TL neuro

July 19, 2019

Cannabidiol by vapor inhalation in rats

Filed under: Cannabidiol, Cannabis, E-cigarettes, Tobacco/Nicotine, Vapor Inhalation — mtaffe @ 2:37 pm

Cannabidiol is increasingly popular, occurring in a dizzying array of products in a highly unregulated retail market. This includes creams, oils, lotions, capsules and e-cigarette liquids, among many other items. A simple search for CBD on google will give you a taste of what I mean, if this is new to you. Just about every single senior person I talk to, it seems, is using CBD or knows another person who is using CBD  for various ailments.

The following has just been accepted for publication:

Javadi-Paydar, M.,  Creehan, K.M., Kerr, T.M.  and Taffe, M.A. Vapor inhalation of cannabidiol (CBD) in rats.  Pharmacol Biochem Behav, 2019 Jul 20:172741. doi: 10.1016/j.pbb.2019.172741. [ Publisher Site ][ PubMed ]

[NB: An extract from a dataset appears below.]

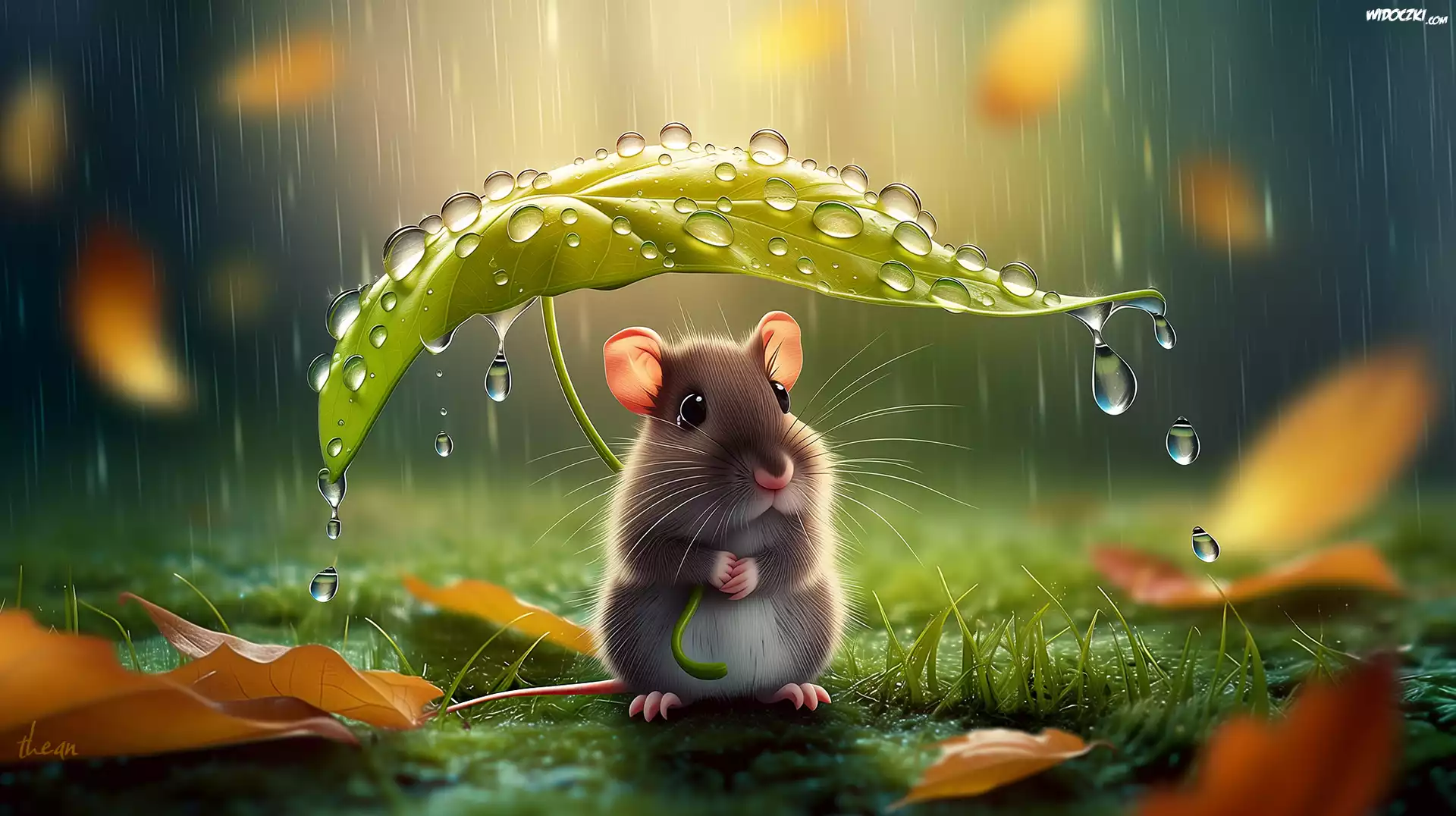 Myszka, Liść, Deszcz, Grafika AI

Figure 1: This figure has been adapted from Taffe et al. 2015. Click to enlarge.

We have been interested in studying the effects of CBD ever since reading a paper [Morgan et al., 2010] that appeared to show that the presence of CBD in cannabis protected users against the memory impairing effects of acute THC intoxication, subsequent to smoking their preferred cannabis. This led to our interest in the potentially interactive effects of CBD and THC and, in particular, tests of the hypothesis that CBD would reduce the effects of THC. Our initial papers on this were Wright et al 2013 and Taffe et al 2015. Of primary relevance for the discussion of our new work, the latter paper showed that CBD did not alter the body temperature (see Figure 1 C, D; blue bars) or activity of rats when injected at doses of 30 or 60 mg/kg, i.p.. Our new work confirms our prior finding that this may be due to the route of administration since, when male or female Wistar rats experience CBD by vapor inhalation, their body temperature does go down, albeit not as severely as when exposed to THC [Javadi-Paydar et al, 2018].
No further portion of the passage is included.